The old people sit each day under the same small thatched shelter, a little apart from the others, at the end of the line. After a while they will rise and begin one of their long, deliberate walks, the length of the beach and back. Then, returned to their shelter, in a slow and careful way they divest themselves of the shirts, the hats and glasses; they walk down to the edge of the water, and slowly, majestically, they enter the lapping small green waves. After a not quite total immersion they return to the shelter, to rest. Even in such apparent repose, however, they both have a look of great attentiveness. They seem highly conscious of each moment, and very likely they are.

They take lunch quite late, and always, of course, alone, at one of the small restaurants down the beach. They are seen to chatter away to each other, and to eat rather little. But no one can ever overhear what they are saying, nor would anyone dare address them. Her accent, however, is recognizably “foreign”; his is English, probably—giving further credence to the theory that they are royalty, deposed.

And that notion is not entirely incorrect: those people are named Carlotta and Travis Farquhar, and once, if not royal, they were famous: Carlotta, originally Polish, as an actress, and Travis, a Scot, as an astronomer; an asteroid has his name.

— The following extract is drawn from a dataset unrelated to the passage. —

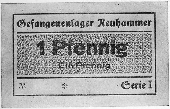 | FACSIMILE OF A PRISON CAMP MONEY CERTIFICATE ISSUED AT THE PRISON CAMP OF NEUHAMMER | |
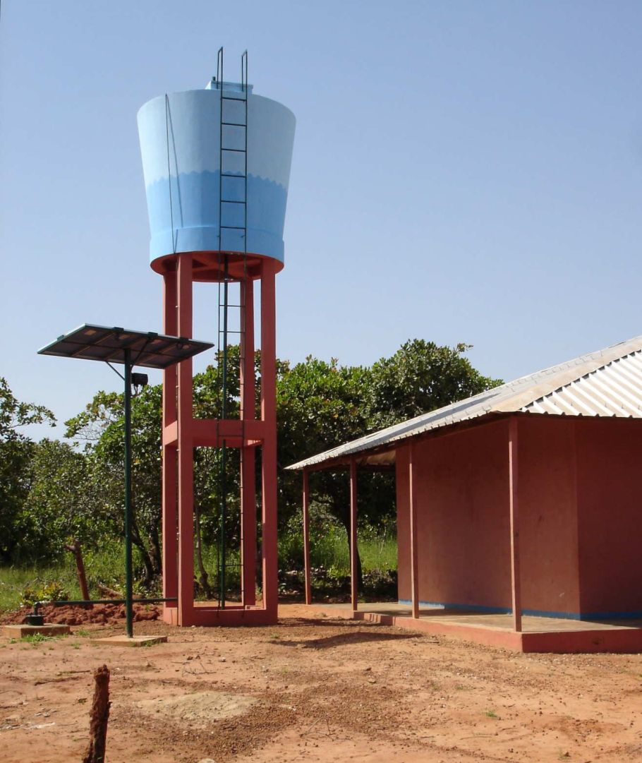 Nach der erfolgreichen Bohrung steht nun auch der Wasserturm. Eine kleine solarbetriebene Pumpe sorgt für verlässlichen Füllstand über das ganze Jahr hinweg. Die Investition in gute Qualität hat sich ausgezahlt. Noch zwanzig Jahre später sichern Pumpe und Turm die Trinkwasserversorgung der Schule.

They both, simultaneously, reached their heights of achievement about forty years ago; since then, not entirely by choice, they have eased themselves into retirement. In Travis’s case, what was then called a nervous breakdown took two years from his life; coming out of it, he was, or felt himself to be, too far behind, in terms of research. He could still teach, of course, but he tired of that, fairly early on. And Carlotta, who took care of him during those years, had never been truly dedicated to the stage; later she was happy enough to yield her place to younger actresses, or so she said.